## Collected material
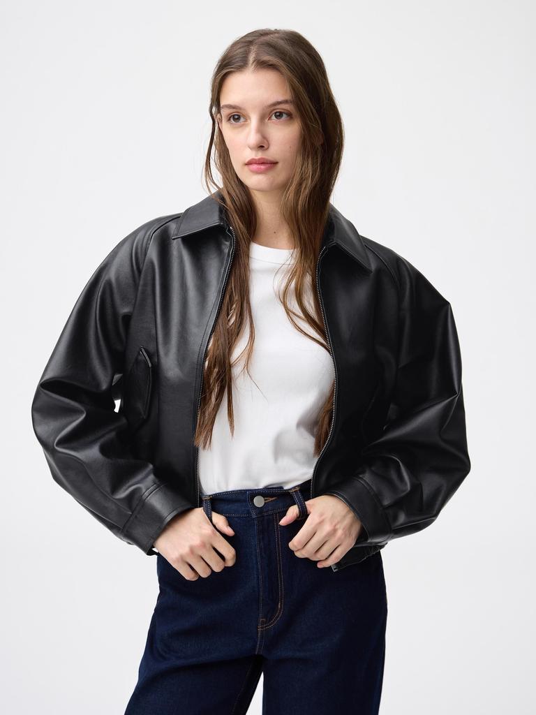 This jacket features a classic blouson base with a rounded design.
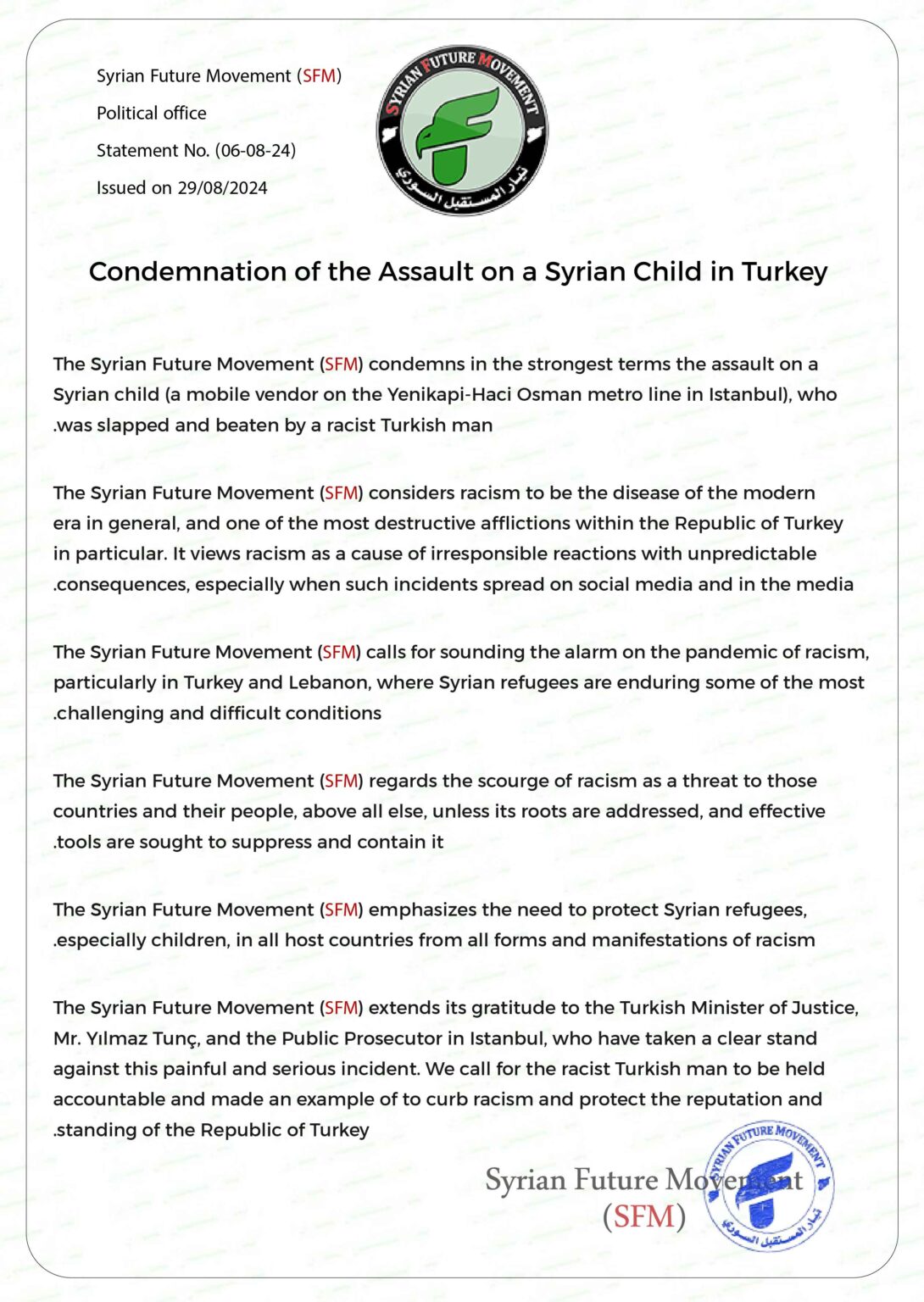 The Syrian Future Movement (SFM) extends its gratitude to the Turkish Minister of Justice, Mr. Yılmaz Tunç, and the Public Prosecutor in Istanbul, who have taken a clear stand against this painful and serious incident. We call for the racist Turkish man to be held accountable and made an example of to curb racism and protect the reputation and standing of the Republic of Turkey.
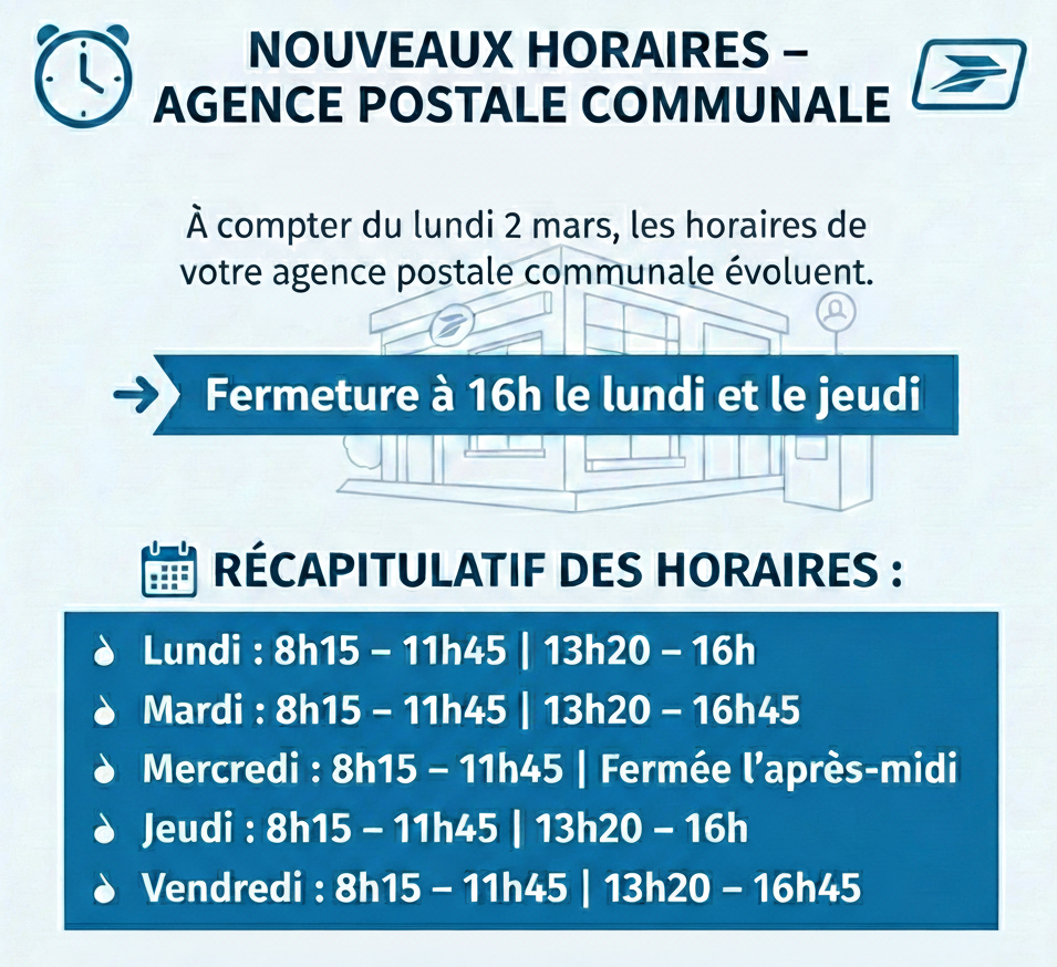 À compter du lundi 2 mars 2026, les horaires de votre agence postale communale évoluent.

## Exercise aim
The expected answer is the listing above, duplicated exactly, with its pictures removed.

## Expected answer
 This jacket features a classic blouson base with a rounded design.
 The Syrian Future Movement (SFM) extends its gratitude to the Turkish Minister of Justice, Mr. Yılmaz Tunç, and the Public Prosecutor in Istanbul, who have taken a clear stand against this painful and serious incident. We call for the racist Turkish man to be held accountable and made an example of to curb racism and protect the reputation and standing of the Republic of Turkey.
 À compter du lundi 2 mars 2026, les horaires de votre agence postale communale évoluent.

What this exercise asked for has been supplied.